First, the longer a piece of software is in use, the greater the chance of finding an obscure or unlikely error condition. The older a piece of sofware, the more of its bugs will become apparent, and the more likely it is that a crippling bug will be found. Old software breaks down.
Second, operating constraints change over time. If a piece of software meets its initial demands, greater and greater demands are placed on it over time. If a piece of software is kept in use for many years, it will likely find itself handling a workload far in excess of what was imagined when the software was first created. When Comair first began using this software, it probably didn't have the business volume to make the transaction limit a problem. Because Comair's business grew over many years, but the software was not grown along with it, what was originally an unimportant design constraint turned out to be a major bug. Old software does not grow to meet new demands. Old software breaks down.
Old software doesn't rust. It doesn't develop stress fractures. It doesn't corrode or go stale. But in its own very real and very important way, old software does degrade over time; if not in itself, in its relationship to the constant growth in the demands placed upon it. Old software breaks down.

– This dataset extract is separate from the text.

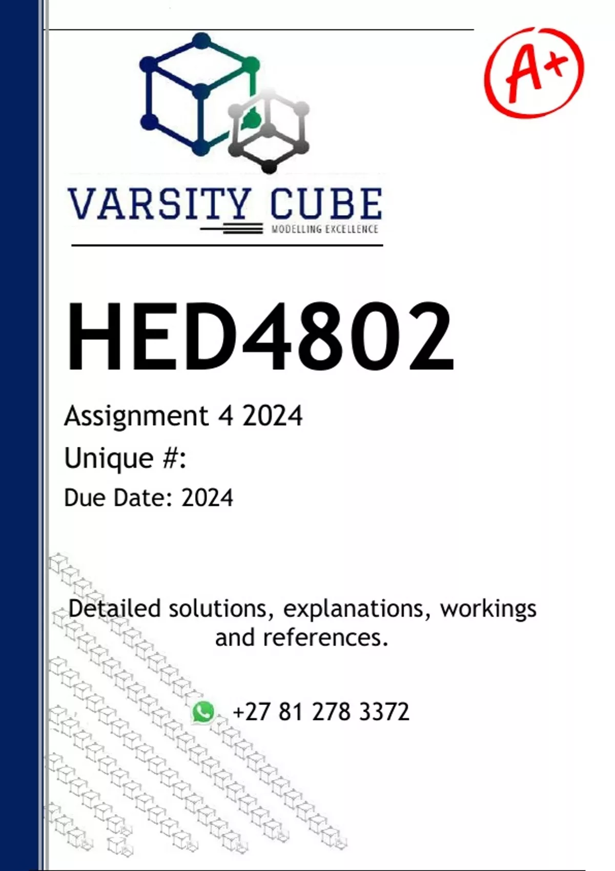 HED4802 Assignment 4 (DETAILED ANSWERS) 2024 - DISTINCTION GUARANTEED - DISTINCTION GUARANTEED - DISTINCTION GUARANTEED Answers, guidelines, workings and references ..c 1.Create a concept map on “Cosmopolitanism and Curriculum” (pages 86–89 of yourtextbook). (25) Marking guide: Criteria Description Marks Inclusion of Key Concepts Are the main concepts from pages 86 - 89 of the textbook accurately represented in the concept map? 5 Clarity and Organization Is the concept map well-structured and easy to follow, with clear relationships between concepts? 10 Accuracy of Relationships Are the connections between concepts accurate and reflective of their relationships as described in the textbook? 10 Total Marks 25 •Answer the following four (4) questions. •You may not use AI software/apps/tools to answer your assignment. •All resources that you consult must be cited in text, and you mustprovide a reference list at the end of your assignment. •Your assignment will be processed through Turnitin. You mustparaphrase all highlighted whole sentences or paragraphs. •You have three submissions available for Turnitin. All three submissionsmust be made before the due date. You do not have to use all 3submissions. •A title page must include your name, student number, module code,assignment number. •DO NOT COPY THE MARKING GUIDE INTO YOUR ASSIGNMENT – ITWILL INCREASE YOUR SIMILARITY INDEX 2. Open Educational Resources (OER) Critically analyse the benefits and challenges of using OERs for South African classrooms. Refer to a specific context in South Africa (50) Marking guide: Criteria Description Marks Understanding and Critical Analysis of OER Benefits and Challenges Provides a comprehensive and critical analysis of the benefits and challenges of using OERs in South African classrooms. Demonstrates an in-depth understanding of OERs and articulates specific benefits (e.g., cost savings, accessibility) and challenges (e.g., quality assurance, digital divide) with relevant examples and critical insight. 20 Application to Specific South African Context Clearly and effectively applies the analysis to a specific context in South Africa (e.g., urban vs. rural schools, primary vs. secondary education). Provides detailed and relevant examples illustrating how OERs are used and the particular benefits and challenges in the chosen context. 20 Structure, Clarity, and Referencing The response is well-structured, clearly written, and logically organized. Arguments flow coherently, with clear introduction, body, and conclusion. Proper referencing is used throughout, citing relevant sources correctly. 10 Total Marks 50 3. Formative Assessment Watch the following clip: 3.1 Discuss the positive and negative aspects of this formative assessment strategy. (15) 3.2 Share an innovative formative assessment technique. Start by giving the subject and grade. (10)
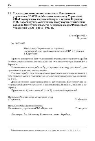 Сопроводительное письмо начальника Финансового управления СВАГ П.А. Малетина начальнику Управления СВАГ по изучению достижений науки и техники Германии И.В. Коробкову к тематическому плану научно-технических работ по Отделу производства денежных знаков Финансового управления СВАГ в 1946-1947 гг. 13 ноября 1946 г. // ГА РФ. Ф. Р-7317. Оп. 22. Д. 4. Л. 2—3. Подлинник.

Any sufficiently well-organized community is indistinguishable from Government.
I shouldn't headshrink someone I haven't met -- but you sound like you're struggling to rationalize your own technological footdragging. Perhaps you should remember that I'm not the person you need to convince. You should be worrying about explaining to your boss why you insisted on hanging onto that obsolete system until it collapsed of its own weight.
I haven't seen the code, but here's a guess. This is from a guy who started programming on an IBM mainframe and Burroughs minis in the late 70's,
When this code was written, hard disk space and memory space in mini computers and mainframes were at a premium
So you didn't use a fullword when a half would do. That would be the equivalent today of storing a lossless music file on your iPod Mini.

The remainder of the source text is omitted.